Statistical analyses were conducted using Mplus version 8.3 (Muthén & Muthén, 1998-Reference Muthén and Muthén2017), which accounts for missing observations using full information maximum likelihood. Model fit was evaluated based on −2 log-likelihood (−2LL), Akaike’s Information Criteria, and Bayesian Information Criteria. Significance of individual parameter estimates were established with standard error-based 95% confidence intervals (CIs) and confirmed with χ2 difference tests by fixing that parameter to zero. Standard errors were adjusted for clustering within families (i.e., using a sandwich estimator), and the χ2 difference tests were appropriately scaled (Satorra & Bentler, Reference Satorra and Bentler2001).

The latent growth curve models of episodic memory and executive function were estimated using “type=complex random” and “algorithm=integration” in Mplus using maximum likelihood estimates and while accounting for the nested structure of twins within families. An example of the final model of episodic memory and AD-PRSs (without parameter estimates) is displayed in Figure 2 (see supplement Figures S1 and S2). Factor loadings on the intercept factors from individual cognitive latent variables were fixed to 1.0 at all waves. Factor loadings on the slope factor were based on the age of each participants at that wave of assessment (scaled in decades). Factor loadings of individual tasks on latent executive function and memory variables were equated across waves and means for individual tasks were also fixed across wave (i.e., assuming scalar invariance). This assumption was evaluated using a set of confirmatory factor models for which we could obtain objective fit statistics, such as the Comparative Fit Index (CFI), Tucker-Lewis Index (TLI), and Root Mean Square Error of Approximation (RMSEA) (e.g., a latent variable model of Common Executive Function at wave 1, wave 2, and wave 3 with correlations between latent factors instead of latent growth intercept/slope factors). Scalar invariance models had good overall model fit (CFI = .977, TLI= .972, RMSEA = .040 for memory; CFI = .975, TLI = .969, RMSEA = .029 for executive function) despite fitting significantly worse than the metric invariance models (χ 2(12) = 222.57, p < .001 for memory; χ 2(12) = 222.57, p < .001 for executive function). Additionally, we equated residual variances on latent memory and executive function factors across waves (to identify the model).

Fig. 2. Path model of the latent growth model of episodic memory with Alzheimer’s disease polygenic risk scores (AD-PRSs). Factor loadings with a “1” indicate loadings were fixed to 1. Loadings with a “*” indicates they were equated across time (e.g., the path from CVLT to Memory Wave 1 was the same as the corresponding path on Memory Wave 2 and Wave 3). Factor loadings on the slope factor represent each individual’s age at that assessment (centered on the mean age at wave 1 and scaled based in decades). At the top of the model, AD-PRS and the intercept and (linear) slope factors are regressed on the first 3 ancestry-based principal components (PCs). Intercept and slope factors were also regressed on APOE ϵ4 status (i.e., a dichotomous variable capturing the presence of an ϵ4 allele) only when AD-PRSs excluded the APOE region. At the bottom of the model, residual correlations between memory tests across waves were included for all tests, but these are displayed for Logical Memory (immediate recall) only for simplicity. Means for each test were also equated across wave and means for intercept and slope factors were estimated but not displayed here. CVLT = California Verbal Learning Task; I = immediate recall; D = delayed recall; L = learning trials.

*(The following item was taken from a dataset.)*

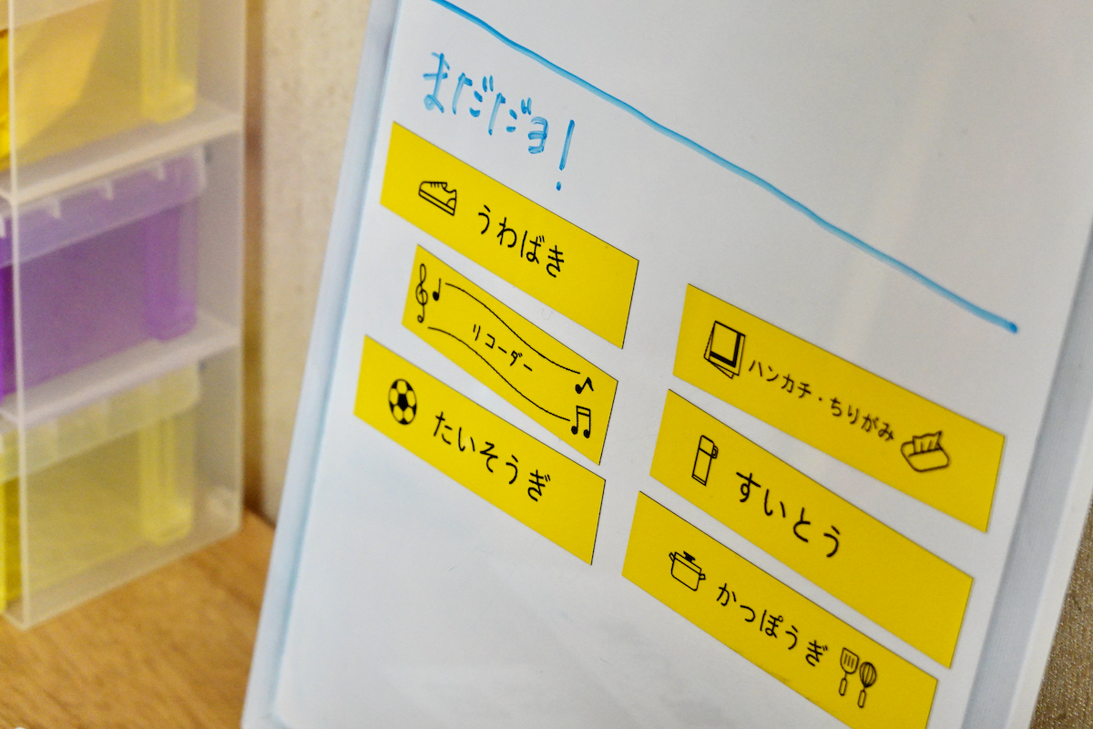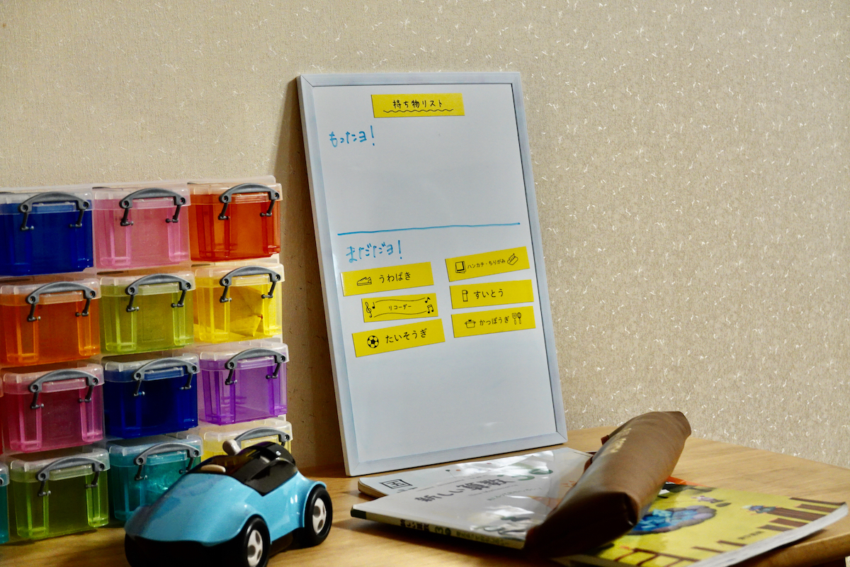 こうして「テプラ」を使って物の定位置を決めてあげることで、子ども自身で片付けをするきっかけを作れる。

Based on our earlier confirmatory factor analyses and preliminary analyses, latent growth models needed to include residual correlations among all individual tasks (e.g., wave 1 Stroop with wave 2 Stroop, etc.) to capture the fact that these measures are correlated across time over-and-above the variance captured by the latent variables. Moreover, preliminary analyses in the model of executive function indicated that there was essentially no change variance in the working memory-specific factor (e.g., separate correlated latent factor models revealed correlations near 1.0 between working memory-specific factors across wave), justifying our intercept-only model for working memory-specific variance. This also greatly reduced the number of integration points in the latent growth curve model.

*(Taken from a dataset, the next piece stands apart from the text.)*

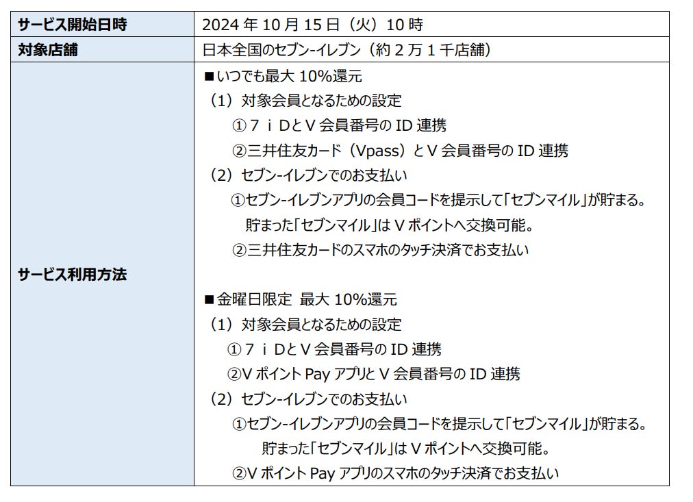 これまで、三井住友カードが実施する「対象のコンビニ・飲食店で最大7%ポイント還元」施策において、セブン-イレブンで三井住友カードのスマホのタッチ決済をご利用いただいた場合、通常ポイントを含む最大7%のVポイントを還元しておりましたが、2024年10月15日(火)より、セブン-イレブンでのVポイントサービスがレベルアップしております。
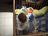 Alexis debout dans son trotteur

AD-PRSs were included in cognitive latent growth curve models by correlating these scores with both intercept and slope factors (see Figure 2). Two models were run for each cognitive domain: one where AD-PRSs include loci in the APOE region and another where AD-PRSs exclude loci in the APOE region. In all models, we controlled for ancestry by regressing the first 3 ancestry PCs on AD-PRSs and cognitive intercept and slope latent factors. In the model where AD-PRSs excluded APOE loci, we also regressed the APOE genotype score on the cognitive intercept and slope factors.

RESULTS

Descriptive Statistics

Demographic characteristics of the sample are displayed in Table 1. Descriptive statistics for individual cognitive tasks are displayed in the supplement (Table S1).

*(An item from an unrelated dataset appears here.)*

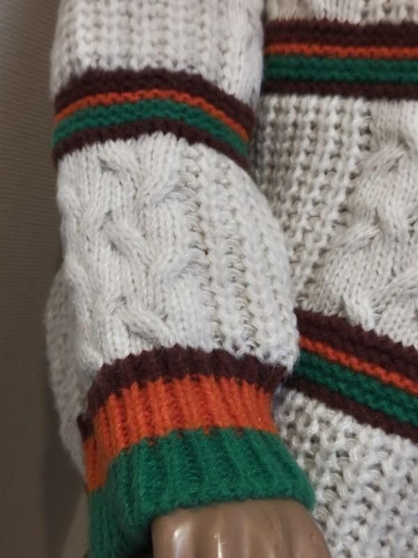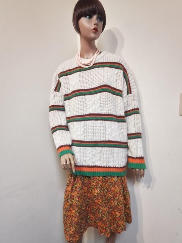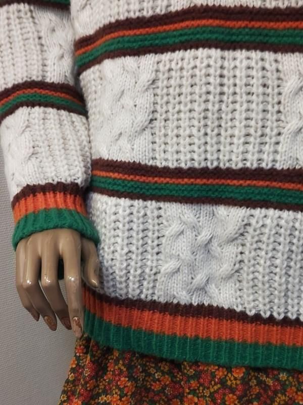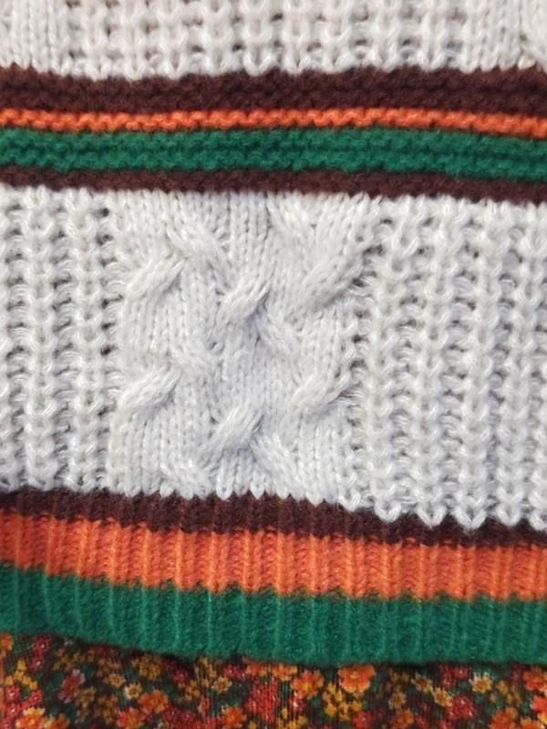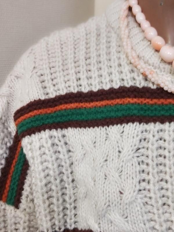 クリーム色ベースに緑・オレンジ・茶のボーダー柄が

Table 1. Demographic characteristics of the study

Note: All individuals were of European ancestry.

Latent Growth Models of Executive Function and Episodic Memory

Unstandardized results from latent growth models of episodic memory and executive function (including their association with AD-PRSs) are displayed in the supplement (Figures S1 and S2). Variances of the intercept (i.e., baseline memory performance) and slope (i.e., memory change) factors indicate that change variance in memory across 1 decade (.05) was about 19% as large as the variance in baseline memory ability (.24). Change variance in executive function across 1 decade (.07) was 43% as large as the variance in baseline ability (.17). Intercept and slope variables were not correlated for either ability, suggesting that individuals with relatively poorer cognition at baseline were not more likely to improve or decline in that respective ability compared to those who performed better at baseline, or vice versa. Factor loadings on all latent factors were similar to estimates from our earlier work on this sample at waves 1 and 2 (Gustavson et al., Reference Gustavson, Panizzon, Elman, Franz, Reynolds, Jacobson and Kremen2018a; Gustavson et al., Reference Gustavson, Panizzon, Franz, Friedman, Reynolds, Jacobson and Kremen2018b).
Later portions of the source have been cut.